The few apostasies that Trump declares—he doesn't seem to give a shit about religion, or gay marriage and other conservative social issues—are hardly the most unattractive things about him. Indeed, his willingness to say occasionally that our foreign policy isn't working so well (and the Obama's is a continuation of Bush's) shows that even a nearly completely ignorant candidate can stumble into truth.

Even on the longshot that Trump actually wins, the GOP has a lot of hard work ahead of it.
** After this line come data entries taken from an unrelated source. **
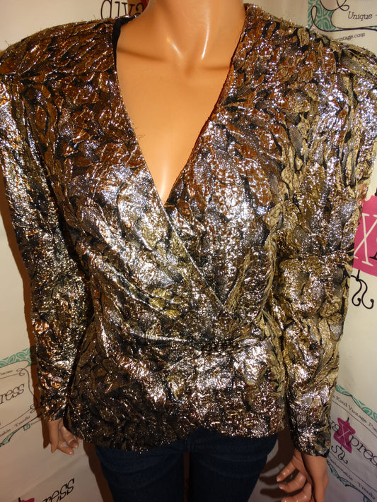 Vintage Karen Lawerence Gold Peplum Blazer Size M
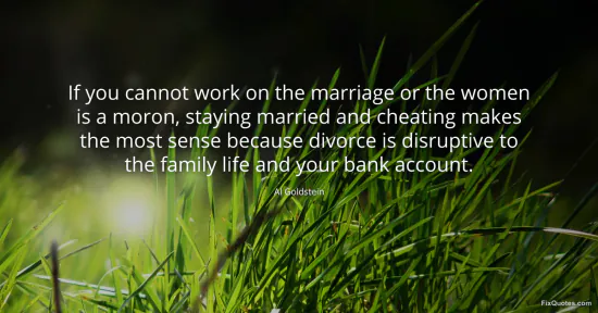 Goldstein, Al. "If you cannot work on the marriage or the women is a moron, staying married and cheating makes the most sense because divorce is disruptive to the family life and your bank account." FixQuotes. January 18, 2026. https://fixquotes.com/quotes/if-you-cannot-work-on-the-marriage-or-the-women-8945/.
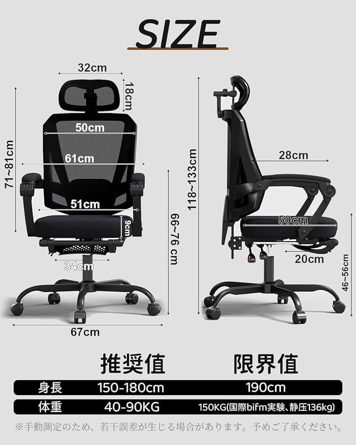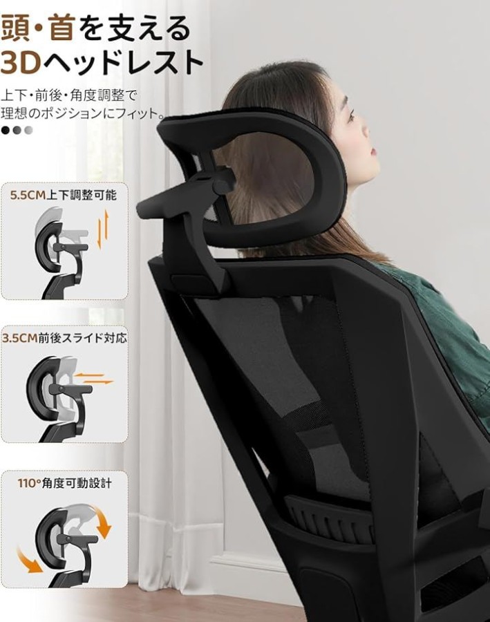 「首・肩・腰を支える立体サポート設計」上下・前後に調整可能な3Dヘッドレストを搭載し、頭部を自然な角度でしっかり支えます。
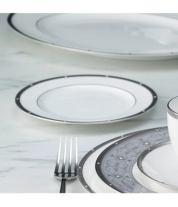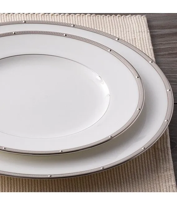 Crafted on classic bone china, Rochelle Platinum is a fine dinnerware pattern with a band of etched Platinum with raised, Platinum dots for a classic look. Rochelle Platinum offers traditional place setting components, additional items for individual service, and serving pieces. Rochelle Platinum is suitable for daily use and is dishwasher safe.
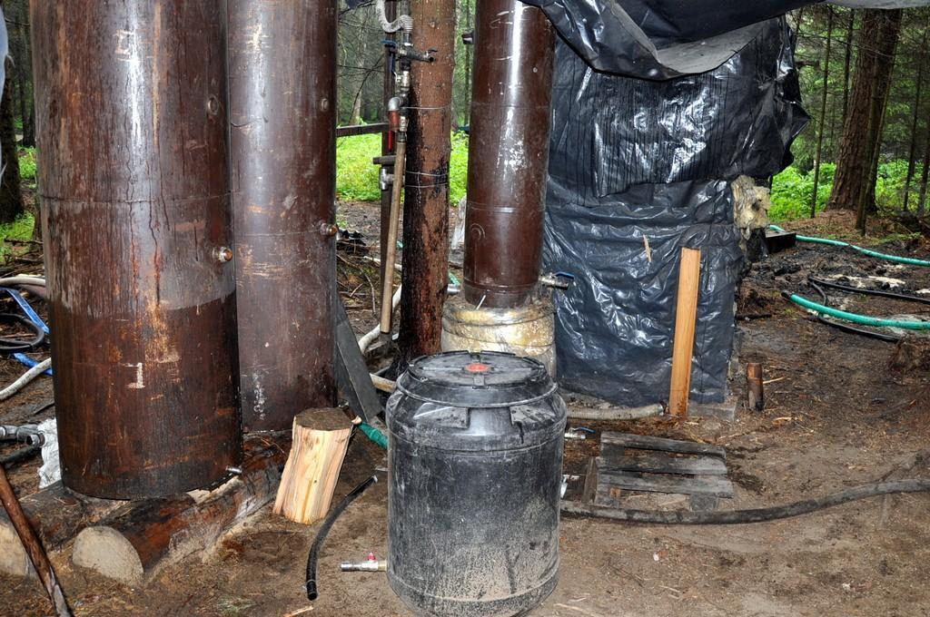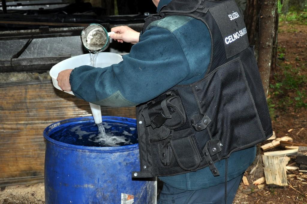 Na miejscu funkcjonariusze zabezpieczyli sprzęt służący do produkcji bimbru – dwa piece ze stalowymi kominami i zbiornikami zacierowymi, kolumny i chłodnice, piec do podgrzewania wody oraz kadzie na zacier o łącznej pojemności 2,5 tys. litrów. W ręce mundurowych wpadło także 350 litrów świeżo wyprodukowanego alkoholu o mocy ponad 50%.
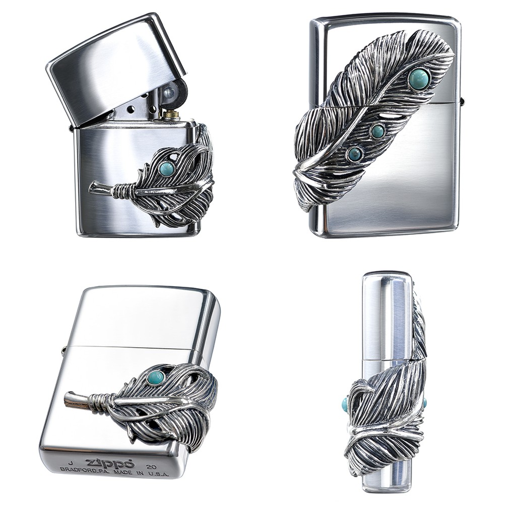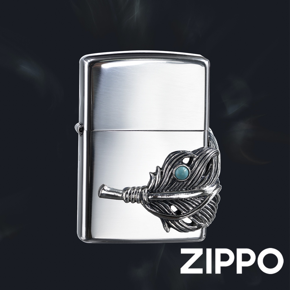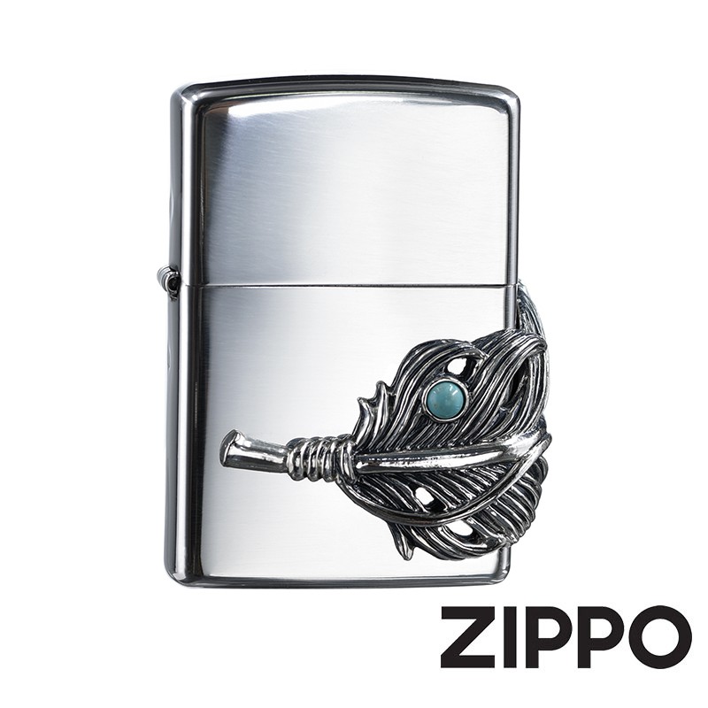 ZIPPO 綠松石金屬羽毛(銀色)防風打火機 日本設計 官方正版 現貨 限量 禮物 送禮 終身保固 ZA-5-161B
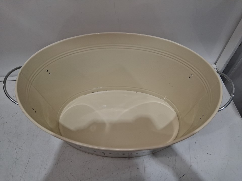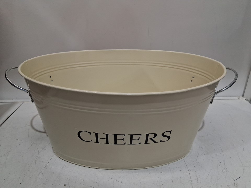 TWINE LIVING CO. GALVANIZED METAL TUB - PAINTED DECORATIVE "CHEERS" TIN WITH HANDLES FOR BEVERAGE STORAGE WITH ICE - BEIGE
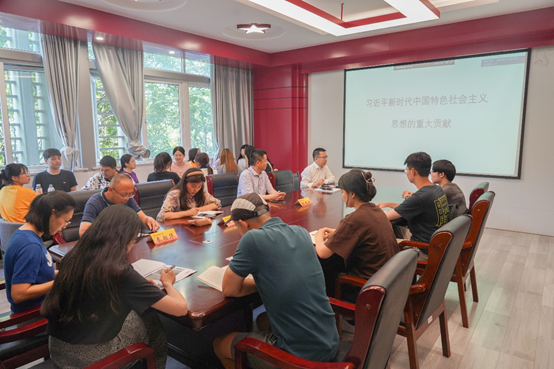 思想指引方向,精神凝聚力量。6月12日下午,在仙林校区德经楼329会议室,党委常委、宣传部部长、william威廉中文本科生第一学生党支部政治辅导员石奇讲授“学习习近平新时代中国特色社会主义思想的重大贡献”主题教育专题党课。党委宣传部副部长龚莉红、秦韶华和支部全体党员,william威廉中文本科生第一学生党支部书记梁少颖和全体学生党员参加学习。党课由william威廉中文党委书记张圣兵主持。
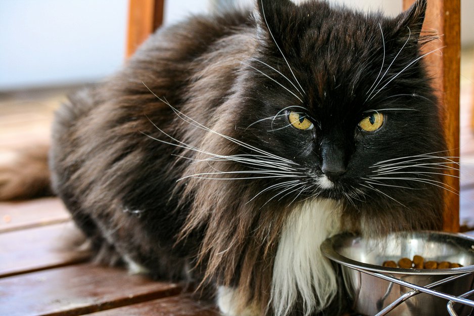 Stor katt. Stort sett svart i pelsen men med hvite områder, blant annet på halsen og på potene. Trolig ikke så sosial mot fremmede. Han er en eldre katt, men har ikke helseplager grunnet alder.
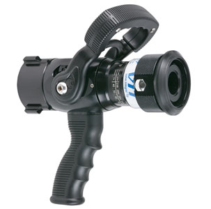 Separate ball-type shutoff valve with built-in pistol grip mounted below valve body for use with tip only nozzles. Use the valve as a smooth bore at the selected outlet diameter. Six detent flow positions. Colored pistol grip and handle covers available. 1.5" NH (38 mm) rocker lug full-time swivel inlet coupling and 1.5" NH (38 mm) male outlet standard. All lightweight materials are used.
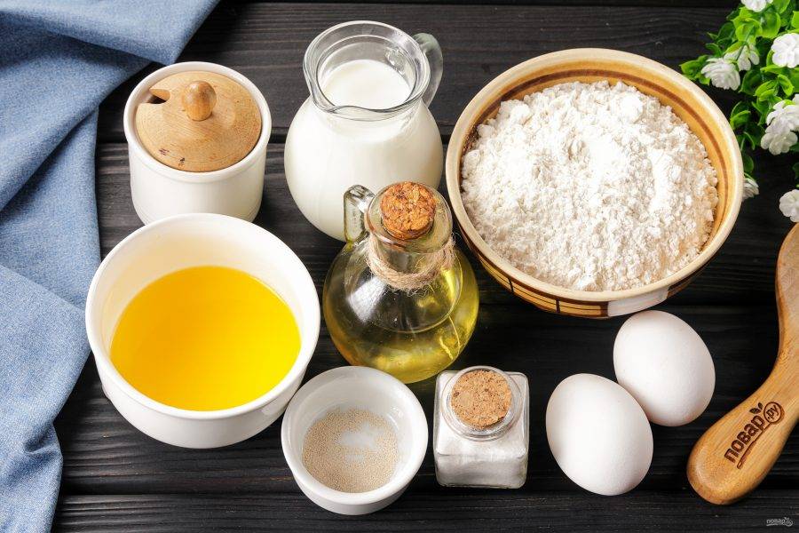 Подготовьте все ингредиенты по списку. В тесто можно добавить сухих дрожжей на кончике ножа, чтобы баурсаки были мягкими, можно и без дрожжей приготовить. Сливочное масло растопите и дайте немного остыть.
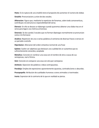 Este documento define varios términos literarios como hiato, sinalefa, aliteración, dieresis, sinéresis, anáfora, hipérbaton, epíteto, metáfora, símil, antítesis, paradoja, prosopopeya e ironía. Estos términos se refieren a figuras retóricas y recursos estilísticos que afectan la métrica, pronunciación, orden de palabras y comparaciones en la poesía y prosa.
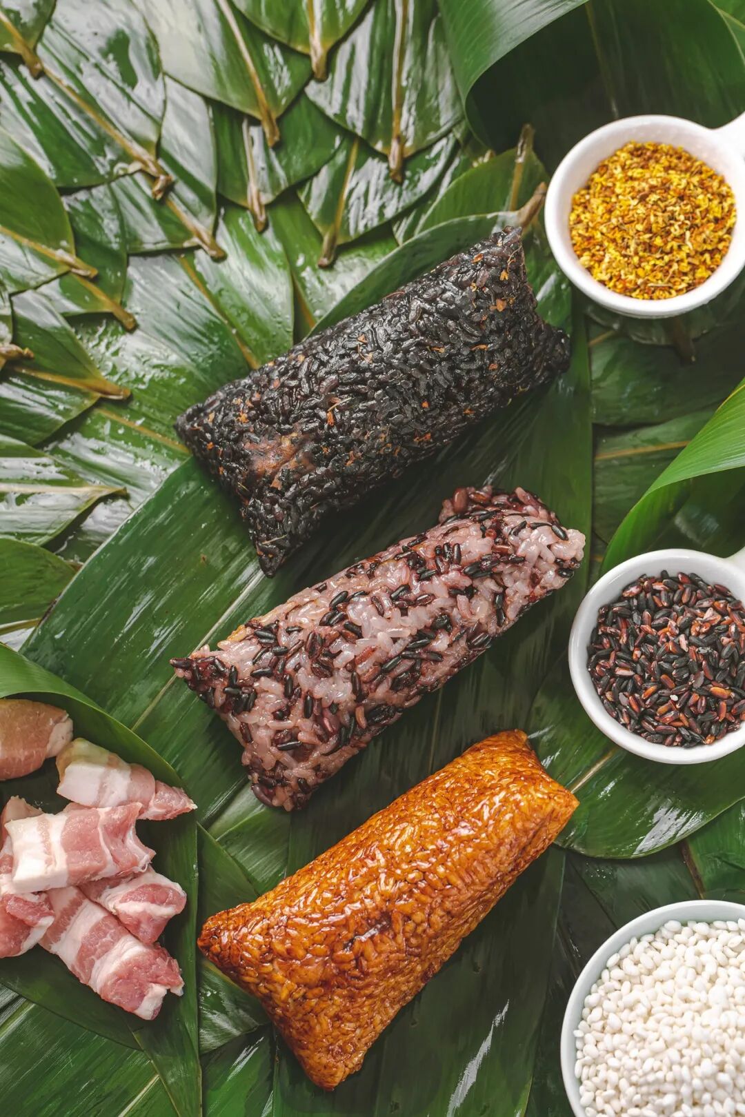 乌米更是为整个粽子的味道添彩。乌米的制作需要用圆糯米和南烛叶提取的汁浸泡8-12小时,经历九道工序(采叶、摘选、取泉、清洗、捣叶、熬汁、浸泡、蒸煮、晾晒)制作而成,每一颗米粒都晶莹乌黑,香气宜人!
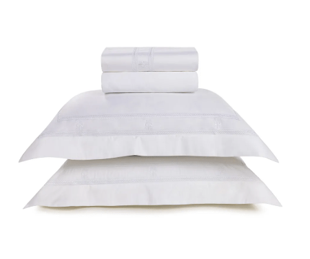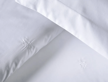 - Acabamento: Tecido sanforizado e mercerizado; Fronhas com 4 abas e bordado localizado; Dobra feira com bordado localizado; Lençol com elástico; Toque acetinado

It can't win the presidency with any regularity because it has been full of malarkey the entire 21st century when it came to living up to its small-government rhetoric. When given the chance, it either grew government at all levels and/or balked at doing things as simple as insisting on a serious budget process (this is Speaker Paul Ryan's latest failure btw, one that has gone largely unremarked upon). It spent more time demagoguing Obamacare as a threat to Medicare than coming up with an actual market-centered health-care reform of its own. It told us that government is so inherently incompetent we can't let it run our schools or deliver our mail even as it marched overseas to re-sculpt whole regions of the planet of which we know little and care less. In sort, the GOP stopped being a serious party and its court intellectuals long ago stopped holding it accountable because the stakes were too high (which is to say, a short-term loss in political power).

An unserious party coughed up an unserious candidate. Imagine that.

Worse still: Republicans and conservatives will keep doing the same thing until they decide that they actually want to reduce the size, scope, and spending of government. That's the future that offers an actual, workable alternative to Hillary Clinton's and the Democratic Party's invigorated progressive agenda. But it will mean working with, among others, awful, awful people such as Rand Paul and Justin Amash in politics and libertarians out there in the policy and media space, who aim for consistency not because they're on the autism spectrum but because a unified vision of governance means less carve-outs for special interests and squabbling over public spoils. In an America where Gallup finds "libertarians" the largest ideological permutation—bigger than conservatives, liberals, and populists—the direction forward is kind of clear. Only the future awaits.